This novel is a terrific find—an engrossing example of Southern historical fiction that’s full of gritty realism, heart, and hope. Everhart introduces readers to the rarely-encountered setting of the pine forests near Valdosta, Georgia during the Depression, in the company of three people seeking a way out of their troubles.
Del Reese, a traveling farmhand who’s good-looking and knows it, juggles affairs with three married women until one farmer catches him with his wife and takes revenge. Rae Lynn Cobb has been happy with her older husband, Warren, with whom she runs a small North Carolina turpentine farm, until Warren’s clumsiness and stubbornness lead to a terrible accident and a moral dilemma. Both she and Del are drawn separately to the large Swallow Hill turpentine camp down in southern Georgia, where longleaf pines are tapped for their gum.

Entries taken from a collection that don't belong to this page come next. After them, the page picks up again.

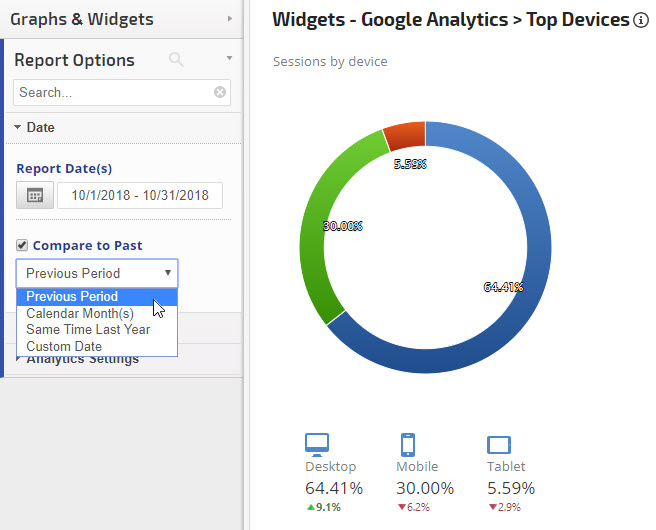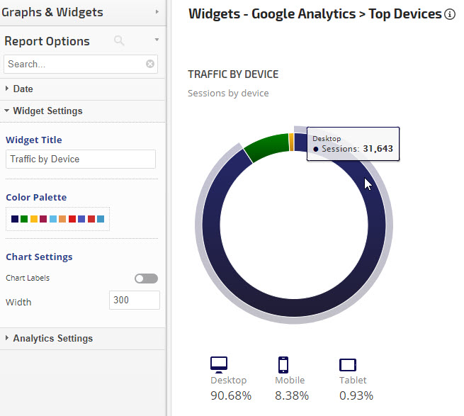 The Google Analytics Top Devices widget is a colorful graphic presentation a site's traffic from desktop, mobile and tablet based on key metrics from the website's Google Analytics account, including integration with AdWords campaigns. Data can be filtered by a variety of traffic metrics, dimensions, conversions, segments and events.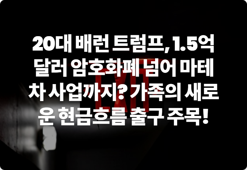 그의 이러한 행보는 단순히 개인적인 성공을 넘어, 미국 정치와 금융, 그리고 테크 산업의 교차점에서 트럼프 가문의 새로운 현금 흐름 출구로 해석되며 큰 주목을 받고 있답니다.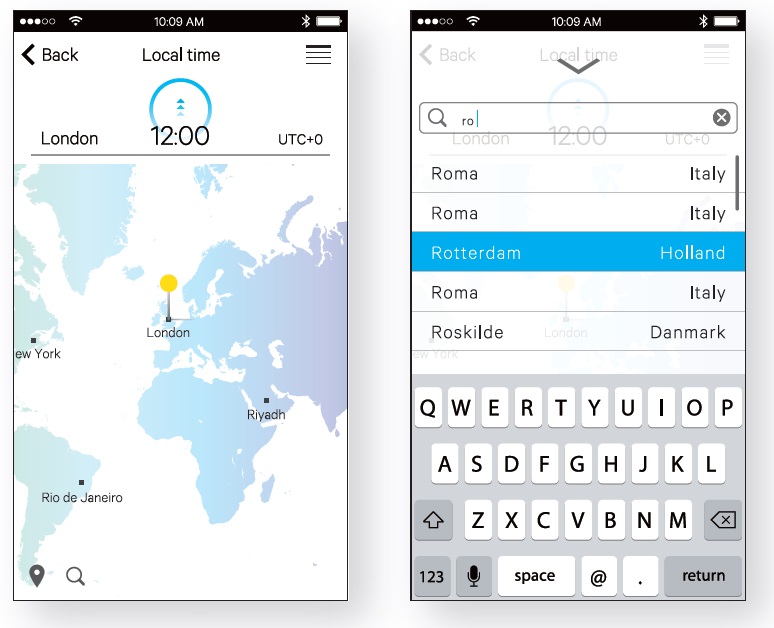 例えば、今自分がいる国や地域の時間に、腕時計の時間が自動的に設定される。日本から全く移動しなくても、スマートフォンでの操作一つで世界316都市の時刻に時計を合わせるということも可能だ。
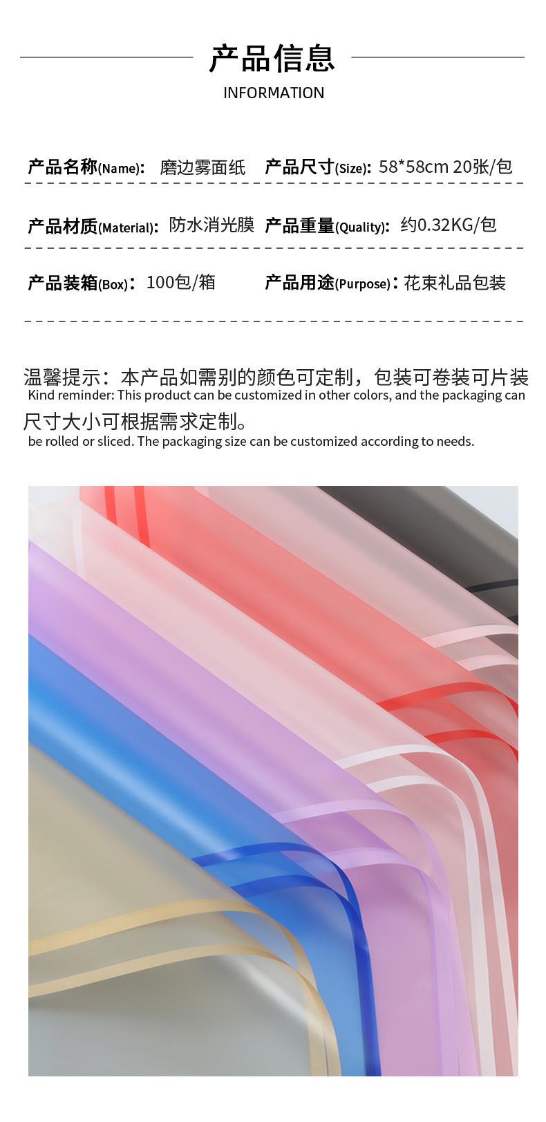 Comercio exterior transfronterizo de papel de niebla con borde mágico, papel de envolver flores a prueba de agua, película de gelatina, materiales de flores de papel simple coreano al por mayor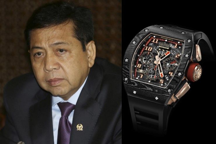 สเตรทไทมส์ - ดูเหมือนว่าแบรนด์นาฬิกาหรู "ริชาร์ดมิลล์" จะเป็นที่นิยมในหมู่นักการเมืองแถบอาเซียนไม่น้อยหน้าไทย โดยล่าสุดเมื่อวันที่ 13 ธ.ค. ที่ผ่านมาสื่อของสิงคโปร์รายงานว่า นายเสธยา โนวันโต อดีตประธานสภาผู้แทนราษฏรของอินโดนีเซีย ถูกจับกุมในข้อหารับสินบนโครงการจัดทำบัตรประชาชนแบบชิพการ์ด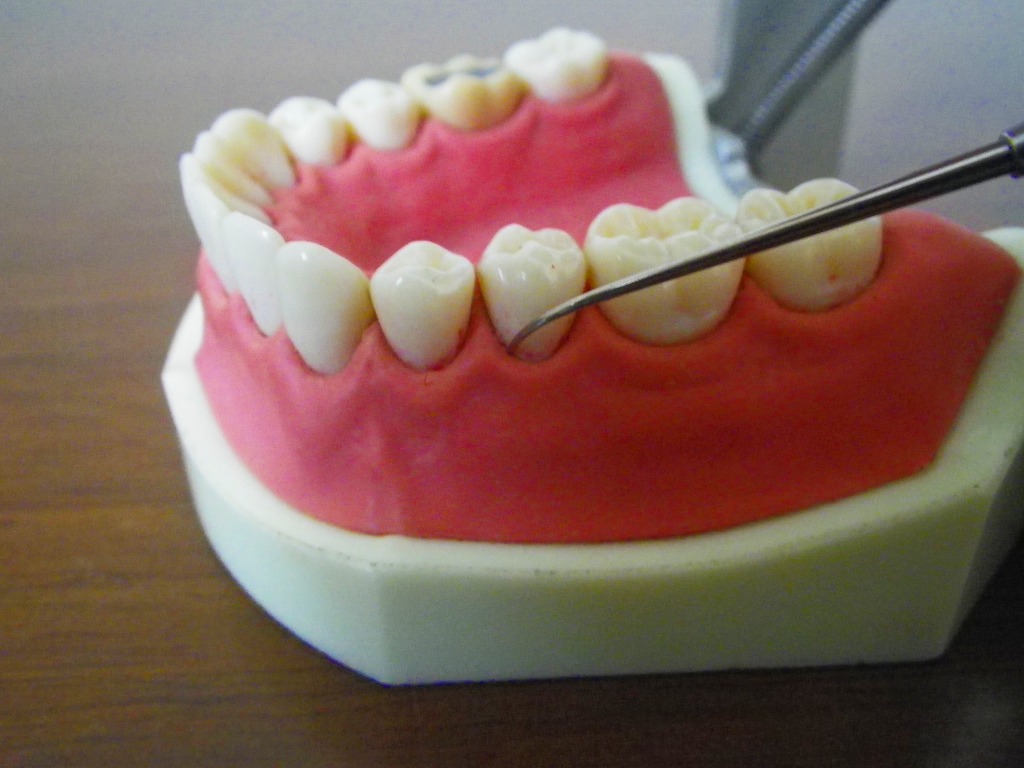 この隙間は健康な歯ぐきでも、2㎜ぐらい空いているので、器具の先は痛み無く入ります。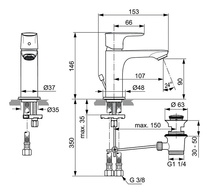 Смеситель для раковины Ideal Standard CONNECT AIR A7007AA предназначен для подачи горячей и холодной воды в ванных помещениях. Керамический картридж обеспечивает плавный ход рычага смесителя, контроль и точность при выборе напора и температуры воды. Модель оснащена системой облегченного монтажа. Аэратор насыщает водный поток воздухом и создает струю воды без брызг. Изделие выполнено из высококачественной латуни, которая отличается прочностью, долговечностью и устойчивостью к перепадам температур, донный клапан - из металла. В комплект поставки входит донный клапан. Дополнительные характеристики:

Their presence arouses curiosity. The woods rider supervising the camp, a cruel fellow named Crow, enforces the color line and disapproves of Del taking on work designated for Black men. Having disguised herself as a young man called Ray, Rae Lynn can’t keep up with the others and has trouble making quota; that and her scrappy attitude get her in hot water. (She makes a puzzling mistake in using the call name “Tar Heel” for her work while wanting to conceal her origins.) Then there’s Cornelia, the local commissary’s abused wife. It’s clear she needs rescuing.
The three characters elicit sympathy with their yearnings for something more; Swallow Hill is a nasty place run by mostly nasty people, though the villains aren’t stereotyped. With the intense summer heat, the rich scent of evergreens, and the hum of cicadas filling the air, the atmosphere rises off the page, and the folksy Southern-accented dialogue invites the reader in.
The Saints of Swallow Hill was published by Kensington in January, and I'd reviewed it for the Historical Novels Review's May issue. Donna Everhart has written many other Southern historical novels which I'm now determined to read.